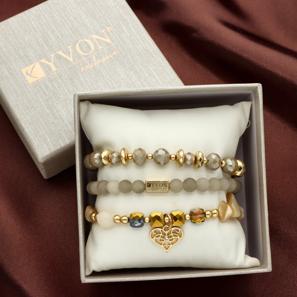 Zestaw trzech bransoletek z KAMIENIAMI NATURALNYMI (kamień księżycowy, muszla), który łączy w sobie klasyczną elegancję i najwyższą jakość wykonania. Każdy element został starannie dobrany – od antyalergicznego mosiądzu, przez elementy z kamieni, aż po misternie fasetowane koraliki z kryształu górskiego. Subtelne połączenie tych materiałów tworzy niepowtarzalny, ponadczasowy dodatek. Bransoletki zapakowane są w eleganckie pudełeczko z miękką poduszeczką, co sprawia, że zestaw doskonale nadaje się na prezent.
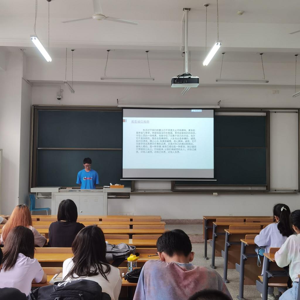 本次班会分为“诚信”和“感恩”两部分。鲜智鹏首先以一则幽默而深刻的短片切入正题,视频中出现的因作弊而忏悔的学生和随时间流逝而老去的父母,引发了同学们对于“诚信”和“感恩”的深刻思考。鲜智鹏表示:不信不立,不诚不行。我们强调“诚信”与“感恩”不仅仅是为了遵守法规、合乎伦理,更是为了培养大学生高尚正直的理想信念和价值取向,时刻以诚信感恩之心待人处事,铭记信以立志,信以守身,信以处世,信以待人。
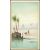 An early 20th Century watercolour painting depicting a North African scene of two nomadic men with camels at an oasis watering hole, framed and glazed. Measure:  28cm high x 17cm wide.

################

* Exercise aim
Apart from the pictures, restate all of the listing above exactly.

* Response area
 Zestaw trzech bransoletek z KAMIENIAMI NATURALNYMI (kamień księżycowy, muszla), który łączy w sobie klasyczną elegancję i najwyższą jakość wykonania. Każdy element został starannie dobrany – od antyalergicznego mosiądzu, przez elementy z kamieni, aż po misternie fasetowane koraliki z kryształu górskiego. Subtelne połączenie tych materiałów tworzy niepowtarzalny, ponadczasowy dodatek. Bransoletki zapakowane są w eleganckie pudełeczko z miękką poduszeczką, co sprawia, że zestaw doskonale nadaje się na prezent.
 本次班会分为“诚信”和“感恩”两部分。鲜智鹏首先以一则幽默而深刻的短片切入正题,视频中出现的因作弊而忏悔的学生和随时间流逝而老去的父母,引发了同学们对于“诚信”和“感恩”的深刻思考。鲜智鹏表示:不信不立,不诚不行。我们强调“诚信”与“感恩”不仅仅是为了遵守法规、合乎伦理,更是为了培养大学生高尚正直的理想信念和价值取向,时刻以诚信感恩之心待人处事,铭记信以立志,信以守身,信以处世,信以待人。
 An early 20th Century watercolour painting depicting a North African scene of two nomadic men with camels at an oasis watering hole, framed and glazed. Measure:  28cm high x 17cm wide.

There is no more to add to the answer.